Benefit from wearing:

Opal is worn for good health, love and wealth. Opal is helpful in fulfilling the life with luxury. Opal helps in doing better in Art and Creativity.

How to test in original gemstone

Look at the back of the opal - does it look or feel like a kind of hard black or grey plastic? Triplets are often glued on to a black plastic, glass, or vitrolite backing. Doublets are a little more difficult to identify, as they often use a natural potch (black, colourless opal) or ironstone (the brown boulder opal host rock) backing. In this case, look at the side of the stone again and see if the 'join' between the opal and the backing is perfectly flat (i.e. the line around the circumference is perfectly straight). Most genuine solid opals have an irregularity in this area - curved or bumpy due to their natural formation - whereas a man-made stone will be perfectly flat because the two sections are flattened so they can be glued together. Be especially wary if the opal is set in jewellery and you cannot see its back or side. Even an expert will have difficult identifying a doublet set once it's set in jewellery with the back & sides covered.

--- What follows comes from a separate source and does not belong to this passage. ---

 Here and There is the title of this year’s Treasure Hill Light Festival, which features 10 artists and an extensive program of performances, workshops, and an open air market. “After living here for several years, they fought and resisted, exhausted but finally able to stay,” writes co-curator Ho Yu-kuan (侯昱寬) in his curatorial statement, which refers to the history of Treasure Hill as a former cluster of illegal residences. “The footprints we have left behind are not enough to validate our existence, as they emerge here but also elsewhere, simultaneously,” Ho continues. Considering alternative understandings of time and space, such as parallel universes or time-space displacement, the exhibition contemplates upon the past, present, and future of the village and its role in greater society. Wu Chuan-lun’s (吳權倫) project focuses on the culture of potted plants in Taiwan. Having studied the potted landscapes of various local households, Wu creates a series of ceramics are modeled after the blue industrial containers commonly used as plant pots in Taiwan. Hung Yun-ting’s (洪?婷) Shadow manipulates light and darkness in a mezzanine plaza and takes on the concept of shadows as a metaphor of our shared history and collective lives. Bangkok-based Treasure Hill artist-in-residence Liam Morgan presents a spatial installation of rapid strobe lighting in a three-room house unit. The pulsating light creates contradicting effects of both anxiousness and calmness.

Be educated before you buy. Know what real opal looks like, and compare what you have seen to what you are buying. People have been known to set coloured tinsel or foil underneath clear plastic to make an 'imitation opal'.

Synthetic solid opal can be very difficult to identify, unless you are an expert, or have a lot of experience. Look closely at the pattern - Opal created in a laboratory (Gilson opal), displays bright colours in large patches of colour. The pattern is often 'too perfect' and ordered, and can also often display a 'snakeskin' pattern. If you are still not sure, take it to a gemmologist or an opal expert.